Marinette County Is Seeking New Highway CommissionerIssue Date: May 31, 2018
Marinette County Administrator John LeFebvre asked County Board members to let people know he is seeking applicants for the Highway Commissioner position recently vacated by Rick Rickaby. He will be accepting applications this time through June 21, and if there are no suitable applicants the search will be extended.
"We wish Rick the best," LeFebvre told the board. Rickaby, who was appointed commissioner a year ago, resigned to accept a job in the private sector.
To a question from Supervisor Ted Sauve, LeFebvre said a degree in Civil Engineering is preferred, but is not a job requirement, but a Bachelor's degree is. Full job requirements are on the county web site.
LeFebvre said until a new commissioner is on the job, Emergency Government Director Eric Burmeister has stepped up to the plate and is providing help with budget and management of the Highway Department until a new commissioner is selected. Burmeister's work in the office leaves the patrol supervisors free to manage their crews and the jobs they are working on.
LeFebvre has previously expressed preference for promoting from within whenever possible, but said in this case that probably cannot happen.

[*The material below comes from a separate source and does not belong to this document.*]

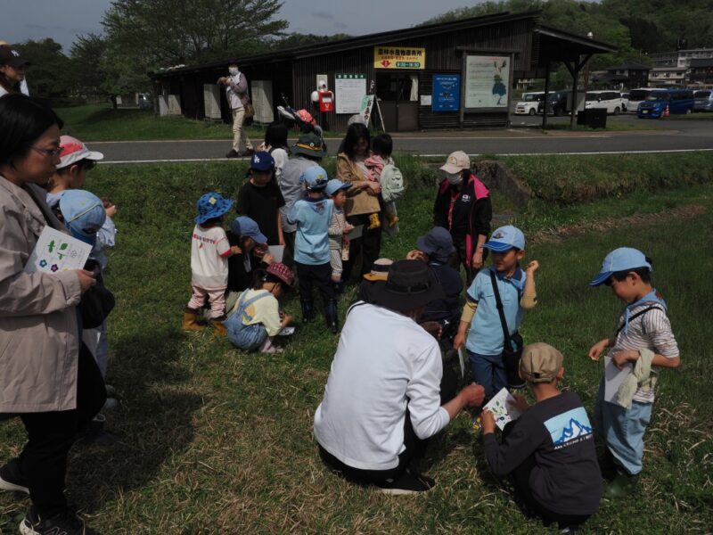 春のあぜ道はタンポポの黄色以外に青や紫など多くの色があります。あぜ道を歩きながら色々な花の色を探してもらったり、葉っぱのつき方を見てもらいました。毛の生えた葉や四角い茎をもった植物は実際に触ってみてもらいました。

There is another retirement coming up in July, and a number of experienced individuals in the department are at or near retirement age. "For me to promote from within at this point would be short changing the patrol supervisors," LeFebvre said.

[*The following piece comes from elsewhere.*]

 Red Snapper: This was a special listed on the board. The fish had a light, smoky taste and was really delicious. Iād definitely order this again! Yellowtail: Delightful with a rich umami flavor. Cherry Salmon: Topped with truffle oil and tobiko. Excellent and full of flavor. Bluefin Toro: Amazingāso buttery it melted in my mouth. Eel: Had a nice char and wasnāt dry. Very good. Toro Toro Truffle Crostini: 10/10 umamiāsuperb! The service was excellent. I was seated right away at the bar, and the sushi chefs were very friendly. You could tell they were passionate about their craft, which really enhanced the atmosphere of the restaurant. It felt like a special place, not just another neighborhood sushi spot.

In other action at the meeting the board approved a contract with Advocates for Healthy Transitional Living to provide foster care services at the Crossroads Juvenile group home on Schacht Road in the Town of Peshtigo, starting as soon as possible and running through December 31 of this year, at a cost not to exceed $95,000. This is less than the amount remaining in the annual budget, so that will not be a problem, LeFebvre said.
Action at the meeting included approval of a $46,505 addition to the REM contract for consumer placements of juveniles from outside the county.

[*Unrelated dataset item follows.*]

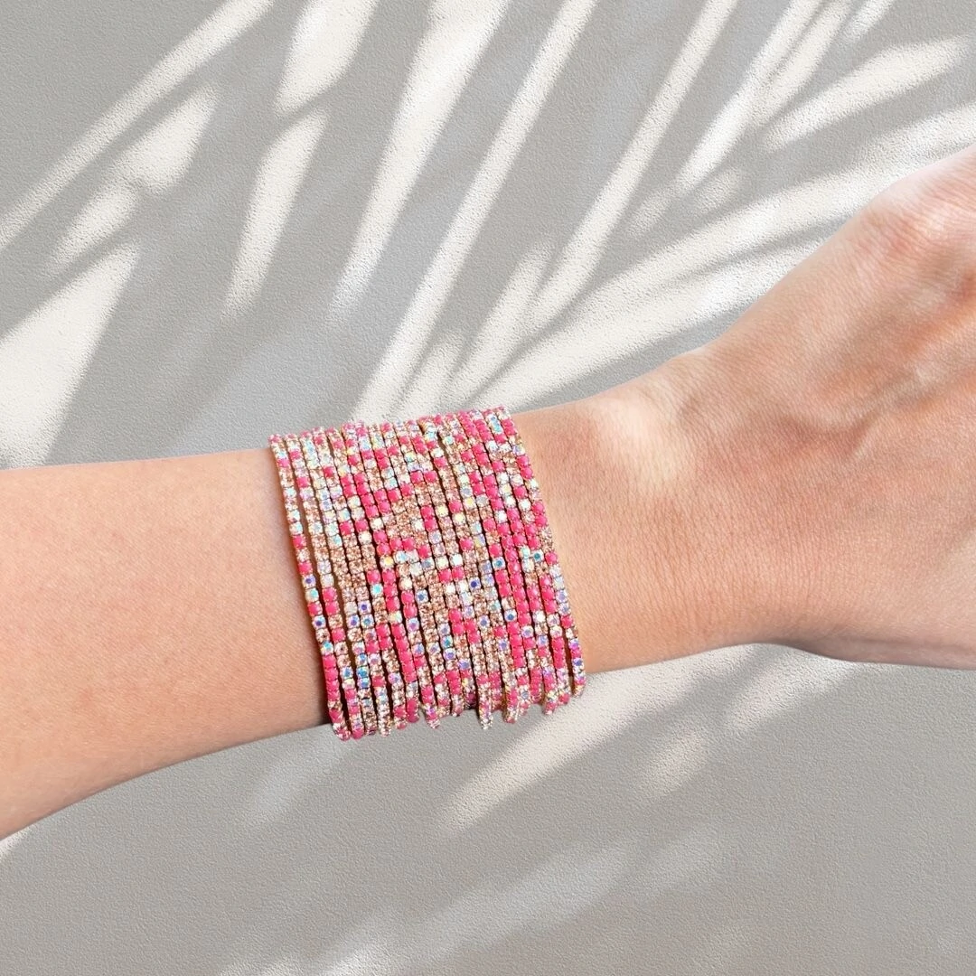 Nossas pulseiras Riviera com elástico são perfeitas para compor combinações estilosas com conforto e praticidade. Vendidas em packs com 6, 12 ou 18 unidades, elas são ideais tanto para uso pessoal quanto para revenda.

Crossroads provides housing for up to eight older juveniles in a group home setting and has been operated by the non-profit Marinette County Group Home Association, Inc., through a contract with the county Department of Health and Human Services.
The Group Home Association a few months ago informed the county they cannot continue providing the services the juveniles placed there require. They have offered to sell the home to the county, but while negotiations continue on the possible purchase the county will be leasing it from them to avoid disruption of the juveniles who live there.
The Group Home Association will continue operating Taylor House and Anthony House, which are facilities for adults with problems including mental disabilities and drug addictions.
Negotiations for purchase of the Crossroads facility have been in progress but no price has been established. Crossroads built the facility with the help of county funding but has totally repaid the startup loan.
At Tuesday's meeting County Board unanimously agreed to continue negotiating possible purchase of the facility "for fair market value, contingent on reaching an acceptable agreement with the Group Home Association related to juvenile placements."
Supervisor John Guarisco, who is a professional realtor, asked who will take care of maintaining the Crossroads buildings and grounds, and expressed doubt they will be able to determine fair market value without a professional appraisal.
Corporation Counsel Gale Mattison agreed those are very legitimate concerns. She said Advocates group does not want to own bricks and mortar. Health and Human Services Director Robin Elsner said they have an excellent record on providing juvenile care. He said they will maintain the grounds, and that will be part of the lease.
To some questions from Supervisor Al Mans, Elsner said the eventual purchase will come back to the full County Board. The Group Home Association wants out by June 15. He said the facility has space for eight juveniles and all the beds are filled. He has placements for two, if necessary, but would need to find space for the other six, "so we need to keep it operating." He said the Group Home Association wants to be out by Friday, June 15.